После двух часов самого внимательного осмотра квартиры, а квартира была не особо большой, для меня стало определённо очевидно, что мужчины семьи Штурм имели склонность к скрытности. Папин ключ я нигде не смогла найти, а ещё меньше я обнаружила свидетельств того, чем вообще занимался Пауль изо дня в день. Я боялась, что он забросил медицинское образование. Хотя в его комнате стояли книги и папки с записями лекций, но они выглядели неиспользованными, а последние записи были старше, чем один год.
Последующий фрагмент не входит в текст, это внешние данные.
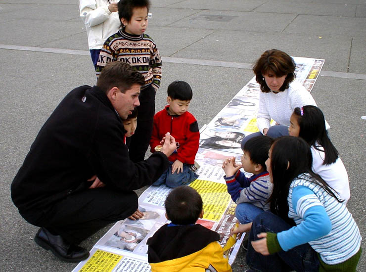 一位讲真相的西人学员说,他听到唐人街居民讲令人震惊的事。他把《九评》递给一位年纪很大的老人,他只有一颗下牙。老人看着《九评》,指着中国共产党几个字说“不好!”而后又告诉学员,在大陆他的家乡小镇,共产党几乎杀了他全家,幸存者之一残废了。他反复告诉学员共产党毁坏他家园和村里的宁静,毁了他的生活。学员告诉老人,神要灭中共。
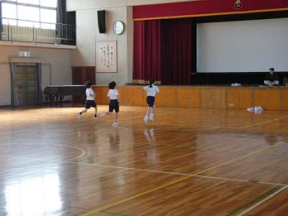 体力テストの持久力を見るシャトルランを行いました。苦しくても頑張って発している子に見ている子たちの声援が飛びます。

Почему он отказался от учёбы, оставалось для меня загадкой, так же и то, как он зарабатывал деньги, на которые он накупил себе все эти роскошные вещи, которые скапливались в его спальне и гостиной. В первую очередь, по крайней мере, тридцать часов от известных производителей, а так же зловещая коллекция Чил-аут дисков (Чил-аут! Пауль и Чил-аут!). Ключ от порше в серебряной чаше, которую он использовал для хранения всякой всячины и некоторых монет, так же не ускользнул от моего внимания. К этому некоторые ювелирные изделия, дорогие электроприборы, новый Apple-компьютер, игровые консоли, фотоаппараты, видеокамеры (для чего ему нужно несколько штук?). Только от продажи этих вещей я смогла бы прожить несколько месяцев.
Но самыми выделяющимися в квартире были картины. И они тоже фатальным образом напоминали мне об отце, потому что он всегда с удовольствием украшал наши стены произведениями искусств, которые он привозил из своих путешествий. Импрессионизмы с Карибских островов были похожи на картины Пауля только в том, что касалось их размера, но не в стиле.
Это были крупномасштабные, просто выполненные картины. На многих находился только своего рода символ, который был нарисован на полотне короткими штрихами или маленькими точками и в основном одним цветом. Необычно красивыми выглядели, однако, рамки. Простые, но элегантные и только они придавали этим художественным произведениям (были ли это вообще художественные произведения?) оттенок роскоши. Где-то я уже видела такой тип картин, но где? Я не мгла вспомнить.
Во всяком случае, раньше Пауль никогда не интересовался искусством. Почему он тогда обклеил картинами свои стены? Хотя на них, в общем-то, было не так много нарисовано, самое большее змея или геккон, они приводили меня в странное восторженное состояние. Если я смотрела на них, то у меня появлялась усталость, и я становилась рассеянной. Я сама себя ругала за это, потому что любой ребёнок смог бы маленькими штрихами кисточки нарисовать оранжевый круг. В них не было ничего особенного. Или всё-таки было?